I. La Liturgia de la Iglesia presenta al Señor en la humildad de Belén o en el despojo de la Cruz, pero siempre lo hace como Rey. Sin embargo hasta 1925 no se instituye una fiesta específicamente dedicada a Cristo Rey y fijada en el último domingo de octubre, en el ocaso del Año Litúrgico y próximo a la fiesta de Todos los Santos. Al hacerlo así con su encíclica Quas primas,el papa Pío XI pretendía que la idea del reinado de Cristo se inculcara en el pueblo cristiano frente al «laicismo» que el Pontífice juzgaba «peste de nuestros tiempos»[1] y consideraba responsable de la pública apostasía que tanto daño había causado a la sociedad y a la misma Iglesia.

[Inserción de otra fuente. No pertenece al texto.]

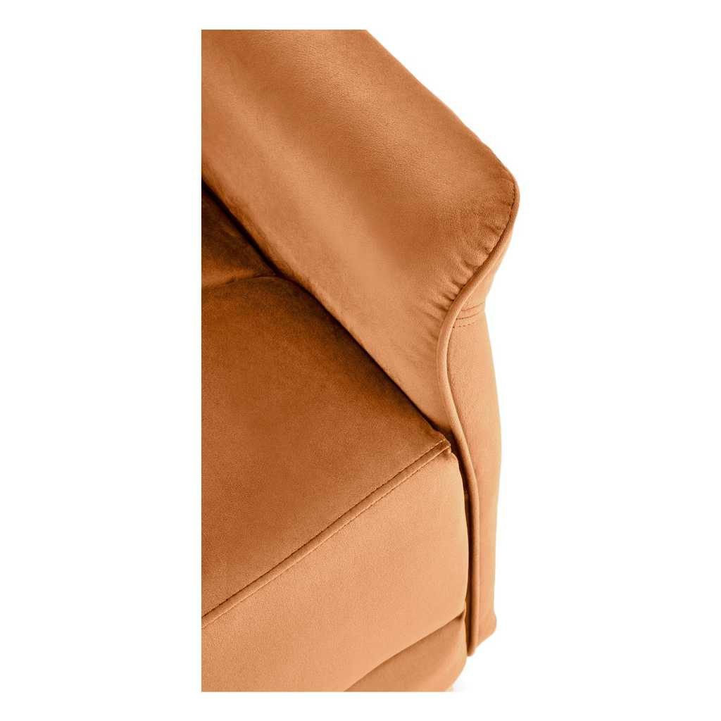 Maximální komfort při užívání zaručuje bohaté polstrování a potah ze sametové látky. Tou jsou čalouněné i područky, jež zajistí uvolněná ramena.

Consiste este laicismo en la negación de los derechos de Dios y de nuestro Señor Jesucristo sobre toda la sociedad humana, tanto en la vida privada y familiar, como en la social y política. Es lo que podríamos llamar la apostasía en su dimensión social (de «pública apostasía», habla la Encíclica que venimos citando[2]). A dicha apostasía se opone la afirmación de la realeza de Cristo en sus diversas formas[3]:
- Individual y privadamente: por nuestra voluntad de creer en su doctrina y obedecer sus mandamientos, progresando en la vida interior y en la santidad.
- Colectiva y públicamente: por las familias y naciones, viviendo de acuerdo con esta misma doctrina y preceptos morales y regulando por estos principios toda acción exterior, tanto de los individuos como de las comunidades porque todos los hombres, ya sea colectiva o individualmente, están bajo el dominio de Cristo.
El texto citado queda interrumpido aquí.